─── Data excerpts ───
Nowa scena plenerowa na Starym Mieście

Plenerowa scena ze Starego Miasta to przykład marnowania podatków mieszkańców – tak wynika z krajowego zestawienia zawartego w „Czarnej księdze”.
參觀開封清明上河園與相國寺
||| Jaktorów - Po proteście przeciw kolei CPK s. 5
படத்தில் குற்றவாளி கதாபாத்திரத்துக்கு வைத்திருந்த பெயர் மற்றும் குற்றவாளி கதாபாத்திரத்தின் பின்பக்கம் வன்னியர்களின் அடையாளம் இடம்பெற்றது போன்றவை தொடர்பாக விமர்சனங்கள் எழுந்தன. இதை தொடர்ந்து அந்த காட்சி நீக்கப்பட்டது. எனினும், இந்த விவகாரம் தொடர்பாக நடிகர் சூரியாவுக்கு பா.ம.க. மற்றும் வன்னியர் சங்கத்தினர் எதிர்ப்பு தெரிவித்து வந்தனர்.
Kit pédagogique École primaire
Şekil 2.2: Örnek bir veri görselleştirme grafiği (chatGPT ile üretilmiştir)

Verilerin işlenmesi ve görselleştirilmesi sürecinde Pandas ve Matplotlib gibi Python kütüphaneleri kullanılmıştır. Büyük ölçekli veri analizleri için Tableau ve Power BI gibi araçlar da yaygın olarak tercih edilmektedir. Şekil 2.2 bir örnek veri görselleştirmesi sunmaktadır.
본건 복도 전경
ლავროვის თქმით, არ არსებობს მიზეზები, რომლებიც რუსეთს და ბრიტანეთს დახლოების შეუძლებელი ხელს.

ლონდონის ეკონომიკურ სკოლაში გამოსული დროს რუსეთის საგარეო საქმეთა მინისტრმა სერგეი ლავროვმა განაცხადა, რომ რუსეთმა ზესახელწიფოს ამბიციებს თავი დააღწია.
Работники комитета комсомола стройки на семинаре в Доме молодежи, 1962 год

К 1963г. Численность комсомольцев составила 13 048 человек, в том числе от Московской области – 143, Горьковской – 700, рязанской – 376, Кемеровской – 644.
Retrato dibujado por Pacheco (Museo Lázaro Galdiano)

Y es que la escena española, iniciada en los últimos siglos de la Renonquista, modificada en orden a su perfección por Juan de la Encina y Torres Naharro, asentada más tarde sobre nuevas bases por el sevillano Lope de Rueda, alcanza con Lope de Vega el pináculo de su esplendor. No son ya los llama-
───
─── Data excerpts ───
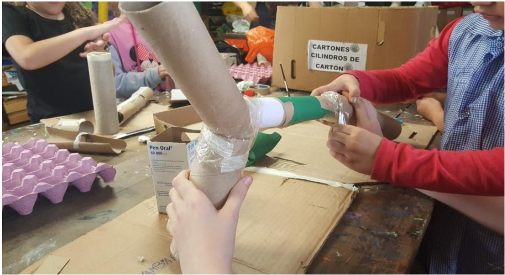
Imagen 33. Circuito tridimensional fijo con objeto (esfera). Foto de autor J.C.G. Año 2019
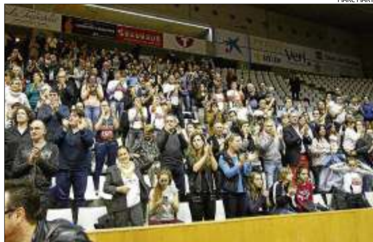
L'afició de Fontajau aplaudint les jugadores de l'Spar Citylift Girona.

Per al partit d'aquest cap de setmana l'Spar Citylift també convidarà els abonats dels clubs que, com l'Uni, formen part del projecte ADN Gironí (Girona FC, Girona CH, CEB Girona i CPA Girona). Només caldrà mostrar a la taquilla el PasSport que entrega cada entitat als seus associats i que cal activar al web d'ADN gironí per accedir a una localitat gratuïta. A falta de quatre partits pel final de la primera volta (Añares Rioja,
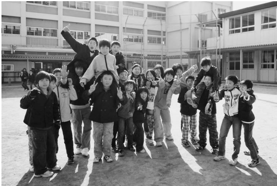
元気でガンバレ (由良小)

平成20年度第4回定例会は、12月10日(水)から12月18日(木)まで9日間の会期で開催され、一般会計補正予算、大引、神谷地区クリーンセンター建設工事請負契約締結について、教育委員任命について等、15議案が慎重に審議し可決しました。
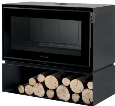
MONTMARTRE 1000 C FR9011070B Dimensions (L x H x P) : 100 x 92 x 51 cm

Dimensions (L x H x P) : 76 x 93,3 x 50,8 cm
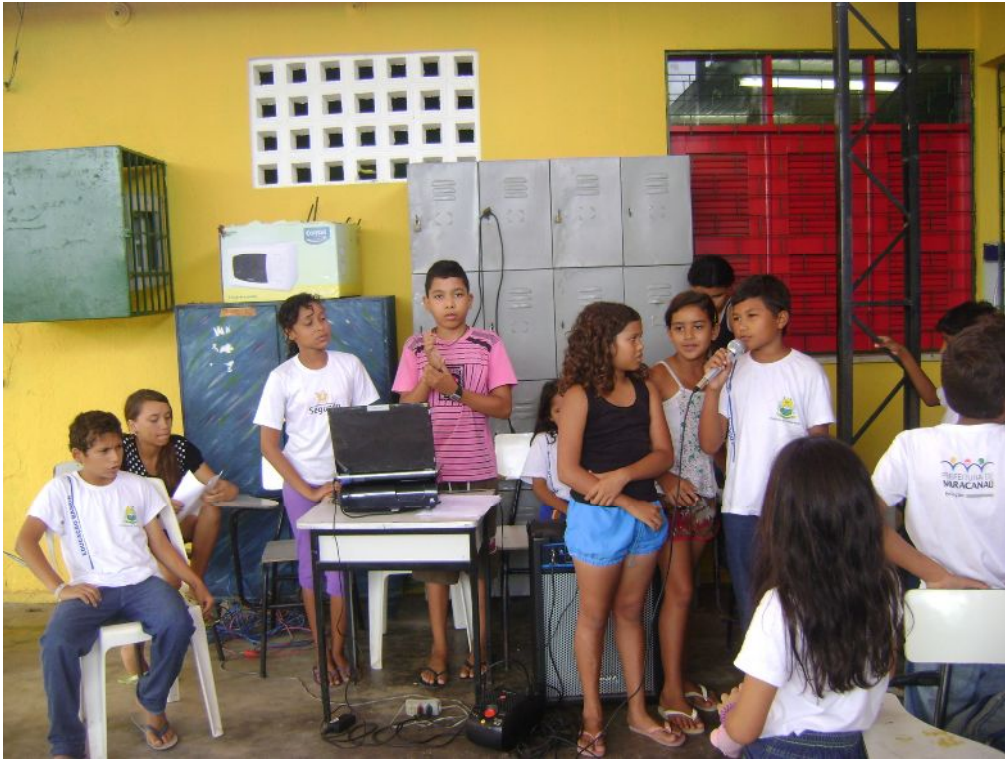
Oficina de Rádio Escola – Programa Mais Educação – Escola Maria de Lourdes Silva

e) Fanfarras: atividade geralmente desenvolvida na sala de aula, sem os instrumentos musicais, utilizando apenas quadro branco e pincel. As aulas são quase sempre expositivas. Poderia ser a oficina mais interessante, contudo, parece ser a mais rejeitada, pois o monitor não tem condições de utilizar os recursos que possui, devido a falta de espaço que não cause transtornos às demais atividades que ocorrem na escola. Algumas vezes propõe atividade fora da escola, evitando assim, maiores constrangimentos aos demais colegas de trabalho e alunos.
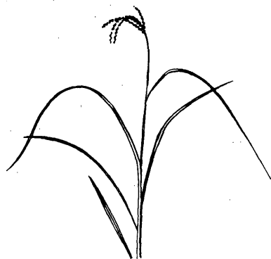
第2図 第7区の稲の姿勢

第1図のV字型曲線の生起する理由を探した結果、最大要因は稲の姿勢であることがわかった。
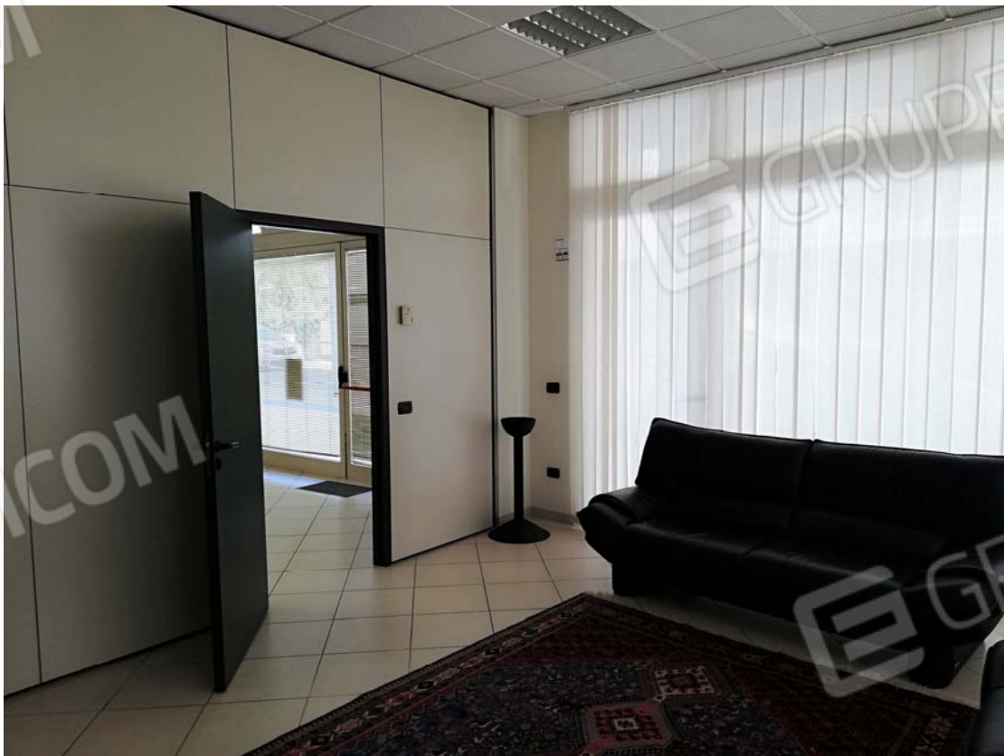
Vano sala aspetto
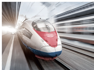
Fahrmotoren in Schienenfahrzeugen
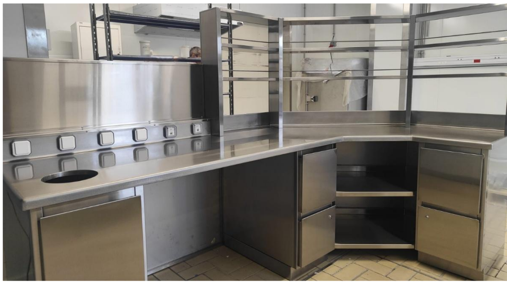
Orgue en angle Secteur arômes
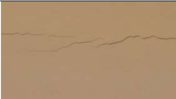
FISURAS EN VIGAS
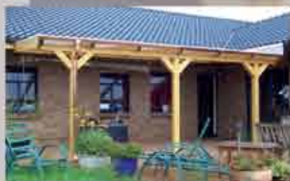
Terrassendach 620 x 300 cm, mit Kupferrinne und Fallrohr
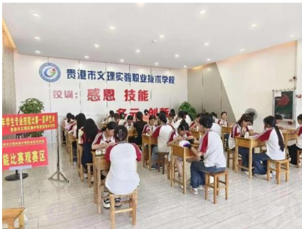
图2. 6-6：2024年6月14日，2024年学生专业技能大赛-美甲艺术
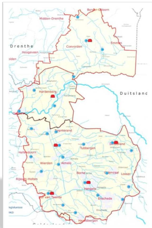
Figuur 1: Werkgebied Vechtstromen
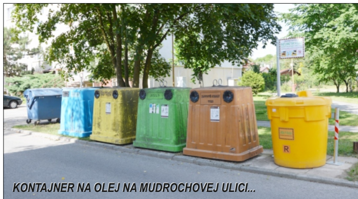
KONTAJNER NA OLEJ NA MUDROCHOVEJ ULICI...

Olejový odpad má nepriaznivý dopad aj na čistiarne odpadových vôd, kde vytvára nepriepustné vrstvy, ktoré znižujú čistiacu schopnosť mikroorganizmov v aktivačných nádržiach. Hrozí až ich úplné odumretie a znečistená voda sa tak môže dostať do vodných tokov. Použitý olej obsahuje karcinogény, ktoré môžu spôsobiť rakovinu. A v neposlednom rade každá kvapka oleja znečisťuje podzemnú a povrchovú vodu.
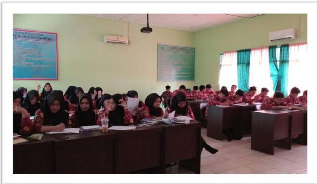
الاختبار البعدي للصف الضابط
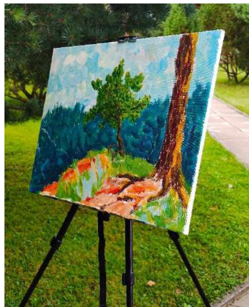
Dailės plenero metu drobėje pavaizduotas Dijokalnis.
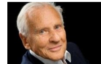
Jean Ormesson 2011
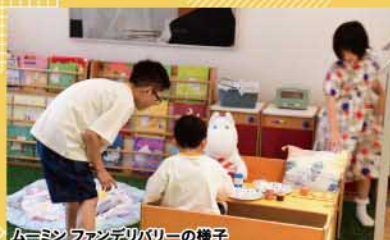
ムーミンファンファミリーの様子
───
─── Data excerpts ───
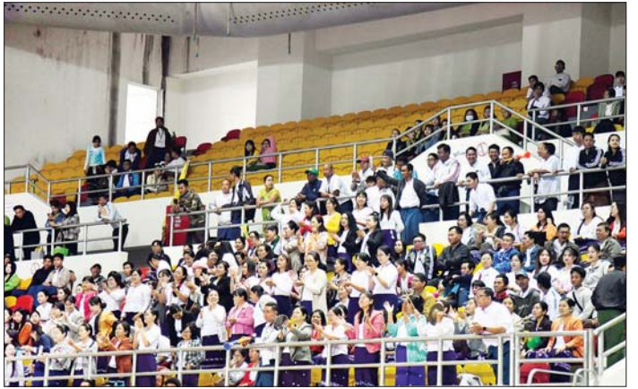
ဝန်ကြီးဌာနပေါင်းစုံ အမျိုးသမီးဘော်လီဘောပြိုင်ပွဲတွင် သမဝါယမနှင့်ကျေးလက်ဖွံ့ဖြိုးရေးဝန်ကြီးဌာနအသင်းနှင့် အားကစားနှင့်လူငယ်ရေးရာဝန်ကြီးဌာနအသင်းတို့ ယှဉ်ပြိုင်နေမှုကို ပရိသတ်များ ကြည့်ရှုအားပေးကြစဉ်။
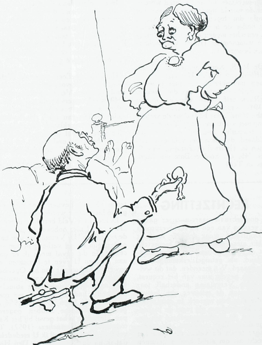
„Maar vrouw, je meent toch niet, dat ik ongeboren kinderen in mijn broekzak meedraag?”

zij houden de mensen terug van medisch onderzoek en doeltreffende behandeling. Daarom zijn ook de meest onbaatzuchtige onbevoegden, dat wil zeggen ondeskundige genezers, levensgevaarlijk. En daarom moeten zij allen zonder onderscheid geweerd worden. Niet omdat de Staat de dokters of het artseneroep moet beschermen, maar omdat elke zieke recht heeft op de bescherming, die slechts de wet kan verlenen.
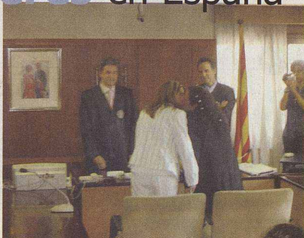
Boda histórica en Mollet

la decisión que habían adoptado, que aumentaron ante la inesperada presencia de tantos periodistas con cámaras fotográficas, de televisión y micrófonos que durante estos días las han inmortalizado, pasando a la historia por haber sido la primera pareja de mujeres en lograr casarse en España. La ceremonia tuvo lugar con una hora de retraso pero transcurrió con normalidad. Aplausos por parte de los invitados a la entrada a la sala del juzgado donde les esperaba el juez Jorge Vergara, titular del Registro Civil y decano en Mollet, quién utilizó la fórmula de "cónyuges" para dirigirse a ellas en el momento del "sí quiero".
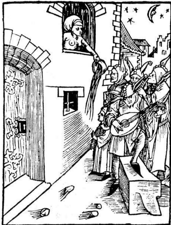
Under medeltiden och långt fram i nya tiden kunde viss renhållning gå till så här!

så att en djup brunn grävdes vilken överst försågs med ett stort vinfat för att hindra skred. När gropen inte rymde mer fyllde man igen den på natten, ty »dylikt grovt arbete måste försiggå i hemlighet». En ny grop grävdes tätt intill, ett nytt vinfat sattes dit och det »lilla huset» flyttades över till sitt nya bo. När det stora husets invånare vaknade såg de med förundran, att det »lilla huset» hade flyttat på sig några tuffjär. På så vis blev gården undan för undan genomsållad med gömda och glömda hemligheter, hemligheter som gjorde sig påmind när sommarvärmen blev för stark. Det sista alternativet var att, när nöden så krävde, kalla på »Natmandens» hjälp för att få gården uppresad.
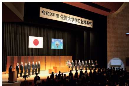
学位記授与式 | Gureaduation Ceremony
───
* Task brief *
Write out word for word the lines above that run from the one with "Under medeltiden och" to the one with "学位記授与式 | Gureaduation Ceremony". Include both end lines; exclude the images.

* Output of the task *
Under medeltiden och långt fram i nya tiden kunde viss renhållning gå till så här!

så att en djup brunn grävdes vilken överst försågs med ett stort vinfat för att hindra skred. När gropen inte rymde mer fyllde man igen den på natten, ty »dylikt grovt arbete måste försiggå i hemlighet». En ny grop grävdes tätt intill, ett nytt vinfat sattes dit och det »lilla huset» flyttades över till sitt nya bo. När det stora husets invånare vaknade såg de med förundran, att det »lilla huset» hade flyttat på sig några tuffjär. På så vis blev gården undan för undan genomsållad med gömda och glömda hemligheter, hemligheter som gjorde sig påmind när sommarvärmen blev för stark. Det sista alternativet var att, när nöden så krävde, kalla på »Natmandens» hjälp för att få gården uppresad.
学位記授与式 | Gureaduation Ceremony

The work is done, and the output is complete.